12. It seems that in England the practice is similar to the practice prevailing on the Original Side of the Calcutta High Court and on the Original Side of this Court. Of course in England the practice is based on the Rules of the Supreme Court, and the particular rule on which the practice is based is differently worded from the rule of our High Court. Under O. XXXVII, Rule 18, of the Rules of the Supreme Court, 1883, no deposition shall be given in evidence at the hearing or trial of the cause or matter without the consent of the party against whom the same may be offered unless the conditions laid down in that rule are satisfied. So that rule itself contemplates that a deposition has got to be given in evidence, and it is not already evidence merely because the commission has been executed and returned. Further, O. XXXVII, Rule 35, provides for notice having to be given by parties who want to make use of depositions filed or made before issue joined. This also suggests that a party who has obtained evidence on commission has got to make up his mind whether he wishes to make use of the deposition or not and to let the other side know about it in time.
13. I, therefore, hold that, both on the construction of Rule 7 and 8 of O. XXVI of the Civil Procedure Code and also in order to give effect to the long and well-established practice on the Original Side of this Court, the depositions of witnesses taken on commission have got to be tendered as evidence and admitted by the Court as evidence before they become evidence in the case.
14. As regards the second contention of Mr. Amin that Mr. Bahadurji is bound to tender the evidence of Gordhandas because he had Gordhandas examined on commission, I do not think there is any force in that contention. No Court can compel a counsel to lead any particular kind of evidence or tender any evidence if he does not wish to do so.
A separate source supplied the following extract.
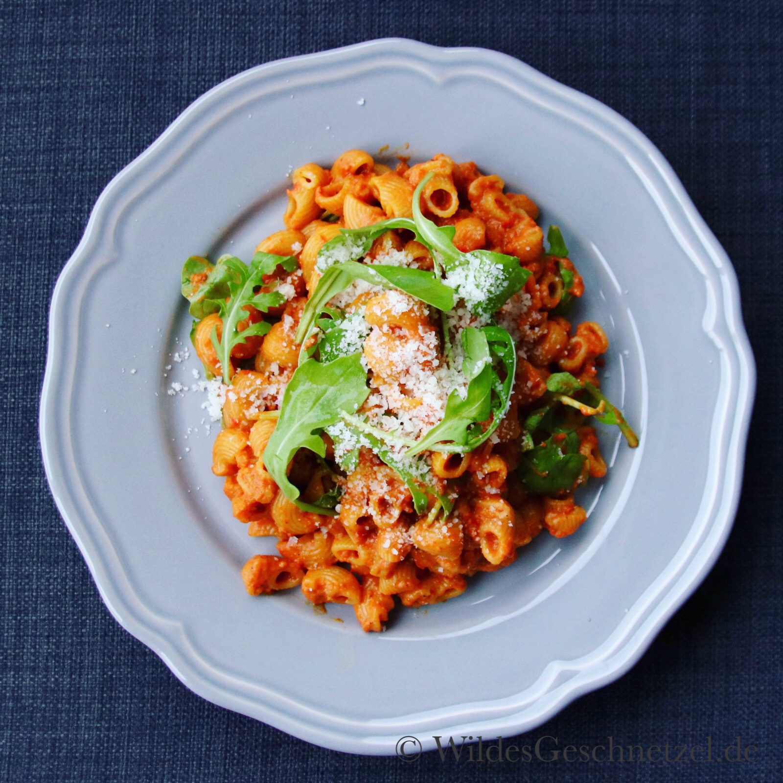 Dann rührt ihr die Pasta und den Rucola unter die Soße, verteilt sie auf zwei Teller und bestreut sie mit Parmesan.
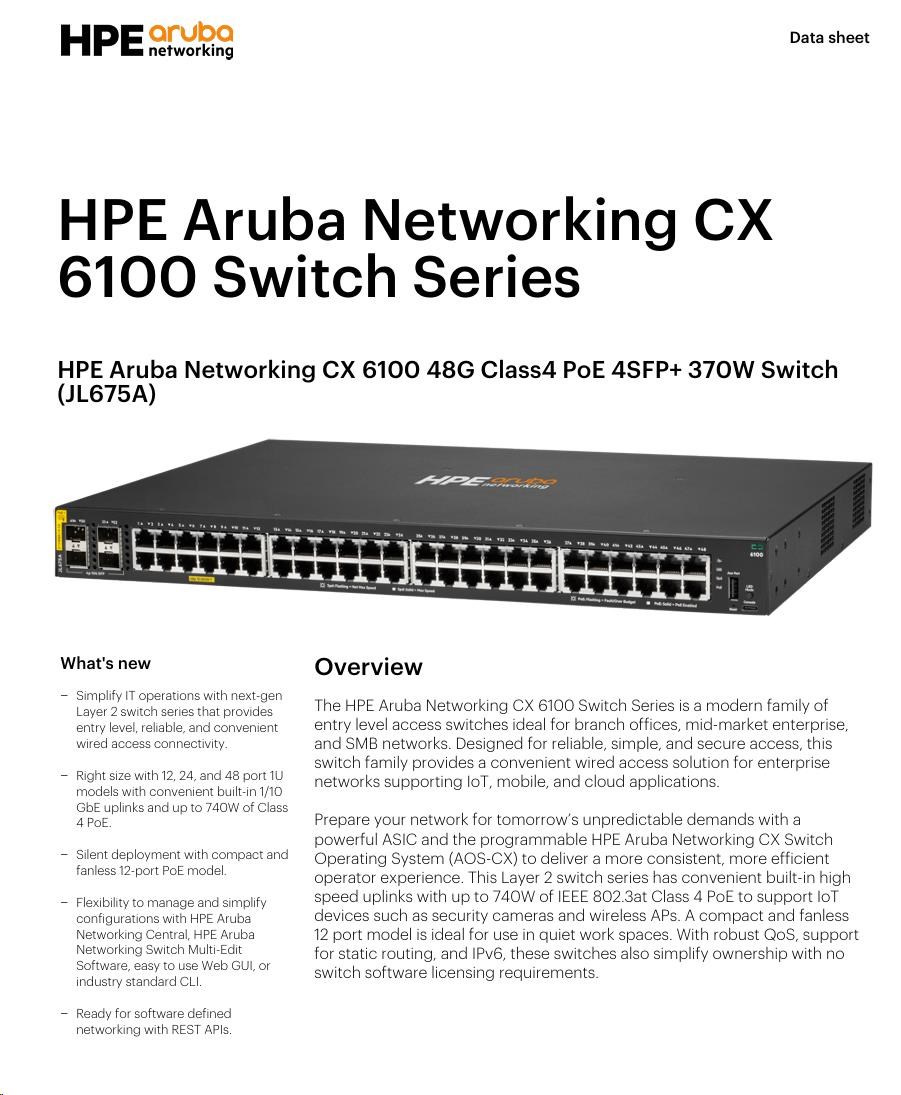 HPE Aruba Networking CX 6100 48G Class4 PoE 4SFP+ 370W Switch RENEW JL675A

15. Mr. Amin relies on the term of the consent Judge's order. This order provides inter alia: 'And I do by and with such consent further order that the evidence so to be taken on commission be read as evidence in this suit subject to all just exceptions.' Mr. Amin argues that what the parties consented to was that the evidence taken on commission would be read as evidence at the trial. I do not think that that is a correct reading of that order. This is a formal proviso which is inserted in every order made by the Judge in chambers on a summons for commission where he orders the issue of commission. All that it provides is that subject to all just exceptions the evidence taken on commission is to be read as evidence in the suit. One of such just exceptions certainly would be if the evidence is not tendered by either party and if the parties come to the conclusion that it was not worth while tendering that evidence for one reason or another.
16. Finally, Mr. Amin contends that if Mr. Bahadurji does not wish to tender the evidence of Gordhandas, he should be allowed to do so. In my opinion Mr. Amin is entitled to tender the evidence of Gordhandas and make that evidence as part of his own case. There is nothing in O. XXVI, Rule 8, which contemplates that evidence taken under a commission could only be tendered by the party who had the particular witnesses examined on commission. Once the commission is returned and the depositions form: part of the record, it is open to either party to tender those depositions as evidence. As a matter of fact in Kusum Kumari Roy v. Satya Ranjan Das(1) evidence had been taken on commission by the defendant and the plaintiff wanted to take advantage of that evidence without tendering it and without making it part of her case, and Mr. Justice Sale in his judgment specifically refers to this fact in deciding that the plaintiff was not entitled to rely on that evidence, she not having tendered it and made it part of her case.
17. I would, therefore, permit Mr. Amin to tender the evidence of Gordhandas on commission and will decide its admissibility on its merits.